_Records shown_
= = = = =
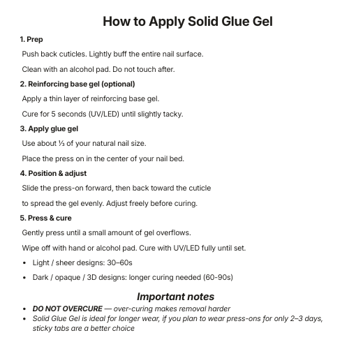 - Solid Glue Gel (30ml) A thick, clear solid adhesive that cures under UV light for a super strong bond.Best for light-colored or semi-transparent press-ons. Long-wear, clean finish.
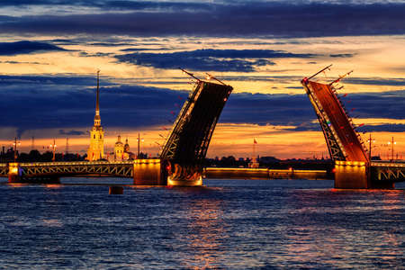 View through the opened bascule Palace Bridge and Neva river to Peter and Paul Fortress at white night time, St Petersburg, Russia
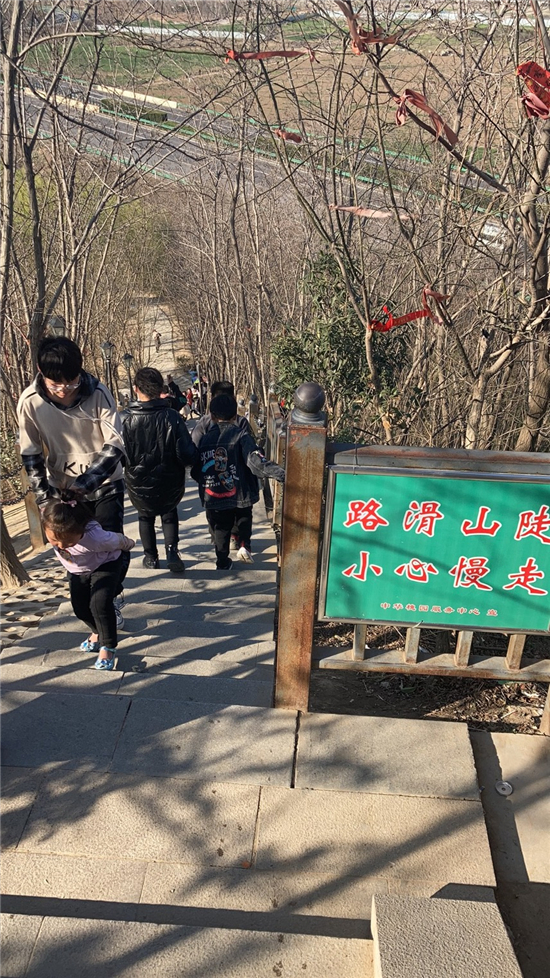 在槐香湖邊,年輕人三五結(jié)伴登上游艇,“坐船能到湖那邊的小島,島上也有槐樹,拍照肯定特別漂亮。”返鄉(xiāng)大學(xué)生把七星島上的景色留在了自己的相機(jī)里。七星島與槐香湖相連的橋上,人潮擁擠,有的人席地而坐,觀賞著橋上的風(fēng)景。當(dāng)問道在外市工作的王先生游玩感受時,他回答到:“年后上班沒時間鍛煉身體,今天我把全家人帶來登山,呼吸一下新鮮空氣?!雹?
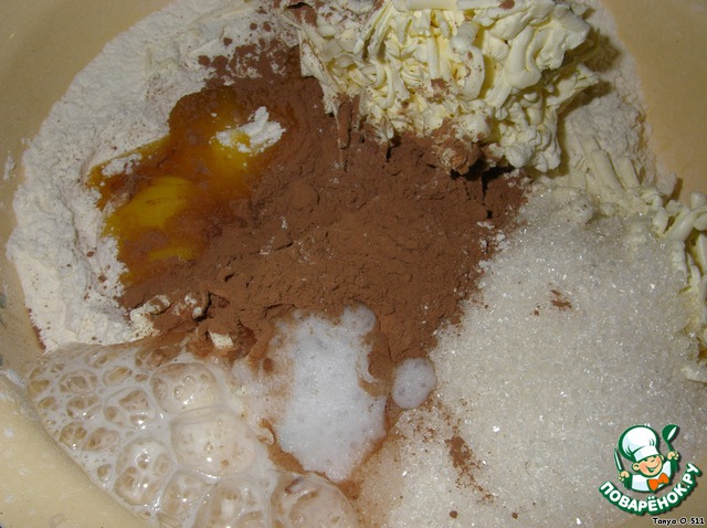 Хорошо перемешать, замесить тесто, разделить на 2 равные части и в холод на 1 час.
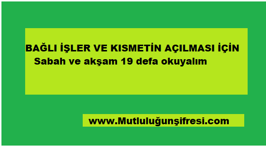Bağlı işlerin ve kısmetin açılması için sabah akşam 19 defa January 12, 2020 Original Image size: 550 × 305 Bağlı işlerin ve kısmetin açılması için sabah akşam 19 defa Bağlı işlerin ve kısmetin açılması için sabah akşam 19 defa Bağlı işleri açmak-kısmeti açmak için sabah akşam 19 defa okunacak Dua
= = = = =
Everything from the line holding "在槐香湖邊,年輕人三五結(j" through the last line of the listing should be written out exactly, except for the pictures.

 在槐香湖邊,年輕人三五結(jié)伴登上游艇,“坐船能到湖那邊的小島,島上也有槐樹,拍照肯定特別漂亮。”返鄉(xiāng)大學(xué)生把七星島上的景色留在了自己的相機(jī)里。七星島與槐香湖相連的橋上,人潮擁擠,有的人席地而坐,觀賞著橋上的風(fēng)景。當(dāng)問道在外市工作的王先生游玩感受時,他回答到:“年后上班沒時間鍛煉身體,今天我把全家人帶來登山,呼吸一下新鮮空氣?!雹?
 Хорошо перемешать, замесить тесто, разделить на 2 равные части и в холод на 1 час.
Bağlı işlerin ve kısmetin açılması için sabah akşam 19 defa January 12, 2020 Original Image size: 550 × 305 Bağlı işlerin ve kısmetin açılması için sabah akşam 19 defa Bağlı işlerin ve kısmetin açılması için sabah akşam 19 defa Bağlı işleri açmak-kısmeti açmak için sabah akşam 19 defa okunacak Dua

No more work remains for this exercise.